### Exercise prompt
Exactly retype the lines below from the one containing "Room Rose - a" through the end of the listing. Leave pictures out.

### Source data
::::

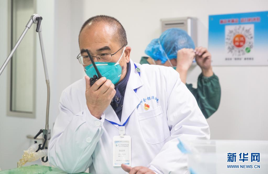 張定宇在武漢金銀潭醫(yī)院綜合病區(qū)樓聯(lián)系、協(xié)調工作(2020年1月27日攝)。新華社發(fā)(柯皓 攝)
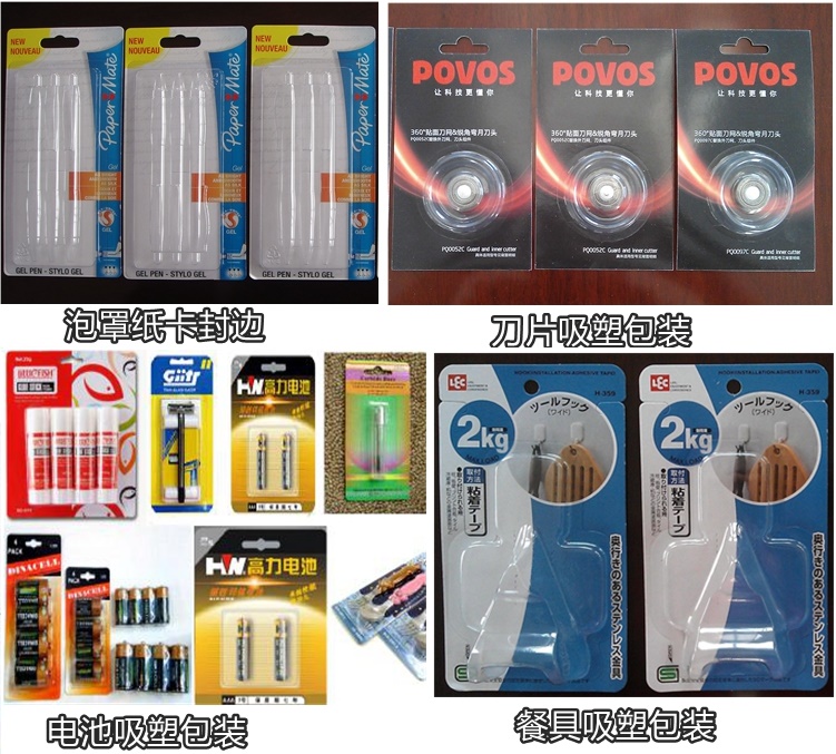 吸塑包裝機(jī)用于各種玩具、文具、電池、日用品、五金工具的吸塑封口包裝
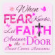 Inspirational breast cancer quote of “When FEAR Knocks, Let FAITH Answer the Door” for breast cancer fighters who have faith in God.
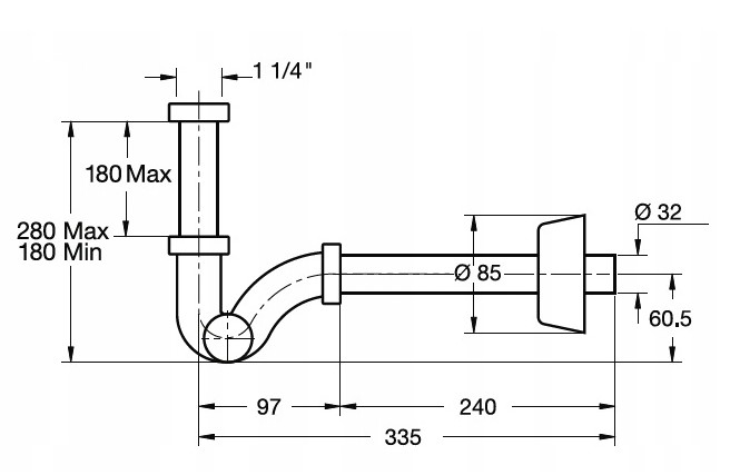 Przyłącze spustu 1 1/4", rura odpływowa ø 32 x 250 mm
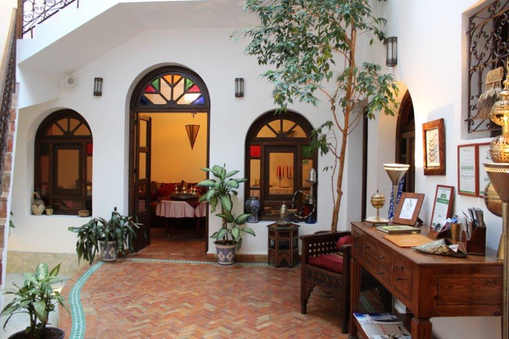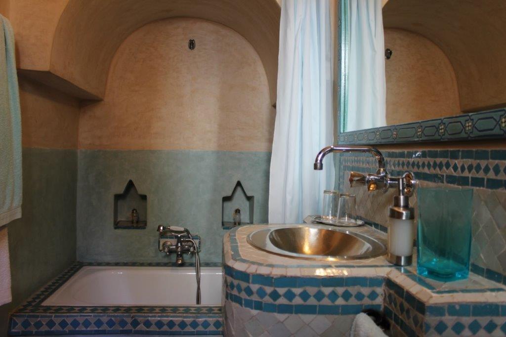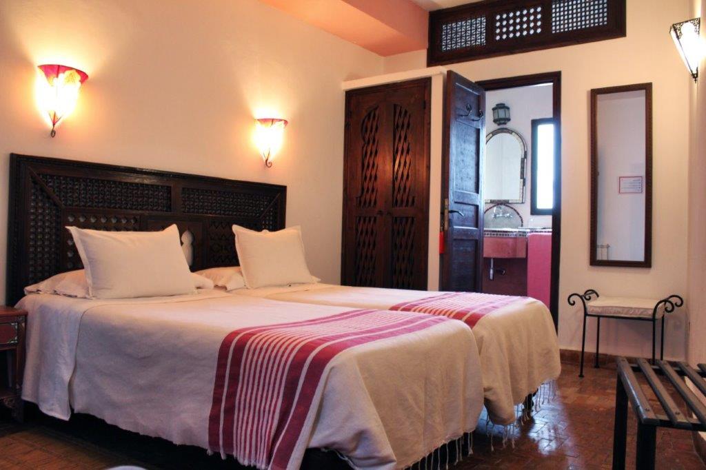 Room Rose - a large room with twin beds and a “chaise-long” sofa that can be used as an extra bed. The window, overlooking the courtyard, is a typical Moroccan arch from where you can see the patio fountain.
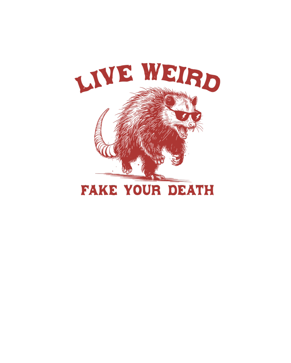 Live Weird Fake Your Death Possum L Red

::::

### Answer
 Room Rose - a large room with twin beds and a “chaise-long” sofa that can be used as an extra bed. The window, overlooking the courtyard, is a typical Moroccan arch from where you can see the patio fountain.
 Live Weird Fake Your Death Possum L Red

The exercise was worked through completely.